We fit an new ARMA\((p,q)\) trend model with the same AR and MA model along with linear regression specification.
We record the fitted trend \(\hat\beta_1\) from the linear regression part.
The histogram of the trend estimated is plotted below, we can see that it’s well distributed away from 0 indicating that the trend is significant.
hist(theta[,"df$time"], main="Histogram of the trend estimate", xlab="Trend estimate")
We do the same thing for the ARMA\((2,4)\) model and the reciprocal of its roots are plotted below. We can see that it has two MA roots being very close to the boundary indicating numerical problems.
autoplot(arma24)
We also run the same simulation for the ARMA\((2,4)\) model.
As we can see, the trend estimate is distributed well away from 0 and confirming that the trend is significant.
hist(theta[,"df$time"], main="Histogram of the trend estimate", xlab="Trend estimate")
srima= arima(df$r, order=c(2,0,2), seasonal=list(order=c(1,0,1), period=12, xrega=df$time))

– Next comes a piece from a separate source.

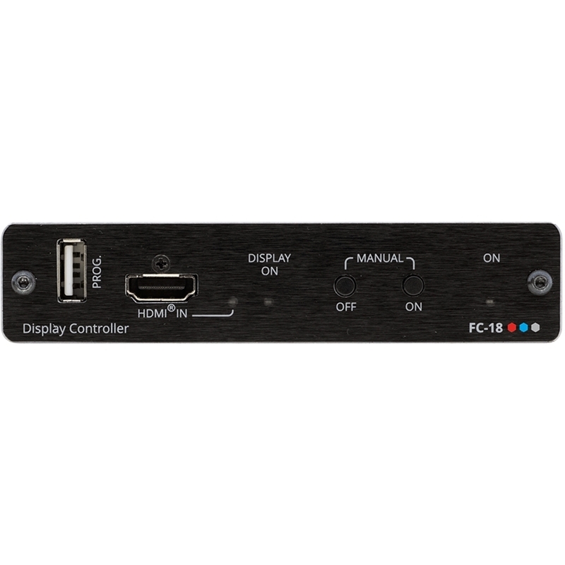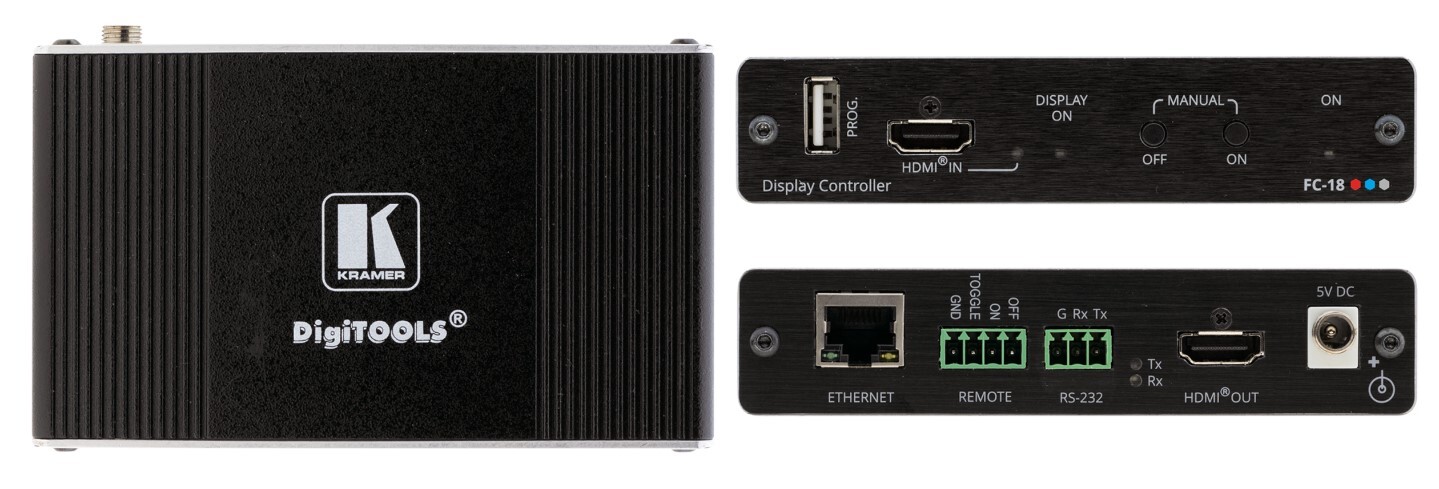 FC-18 — контроллер включения/выключения дисплея с поддержкой сигналов HDMI, технологии HDR и разрешений до 4K@60 Гц (4:4:4). Прибор осуществляет перетактирование входного сигнала, компенсацию АЧХ кабеля и пропуск сигнала HDMI со входа на выход. При обнаружении сигнала на входе прибор посылает команду на включение проектора или дисплея, при пропадании сигнала на входе прибор посылает команду на выключение устройства отображения. FC-18 может также использоваться для управления устройством отображения в ручном режиме с помощью кнопок на лицевой панели, а также дистанционно — по Ethernet или путем дистанционного замыкания контактов. FC-18 — контроллер включения/выключения дисплея с поддержкой сигналов HDMI, технологии HDR и разрешений до 4K@60 Гц (4:4:4). Прибор осуществляет перетактирование входного сигнала, компенсацию АЧХ кабеля и пропуск сигнала HDMI со входа на выход. При обнаружении сигнала на входе прибор посылает команду на включение проектора или дисплея, при пропадании сигнала на входе прибор посылает команду на выключение устройства отображения. FC-18 может также использоваться для управления устройством отображения в ручном режиме с помощью кнопок на лицевой панели, а также дистанционно — по Ethernet или путем дистанционного замыкания контактов.

Our analysis of the number of searches relevant to R
on Stack Overflow from 2009 to 2019 not only revealed underlying patterns of seasonality but also confirmed its increasing popularity/trend over time. Through decomposing the time series by its trend, seasonality, and randomness components, we showed that there is an evident positive trend in the number of searches for R-related topics over time and that the large variation is due to seasonal effects and random noise. We integrated stationarity into the data and found that SARMA\((2,0,2) \times (1,0,1)\) is the best fit model. We further test the observed trend more rigorously by modeling our data under the signal plus noise framework with several different settings. We give a more detailed investigations for a selection of representative models and we showed that the trend is indeed statistically significant. In terms of the number of question count on Stack Overflow, we confirm that R has been gaining popularity.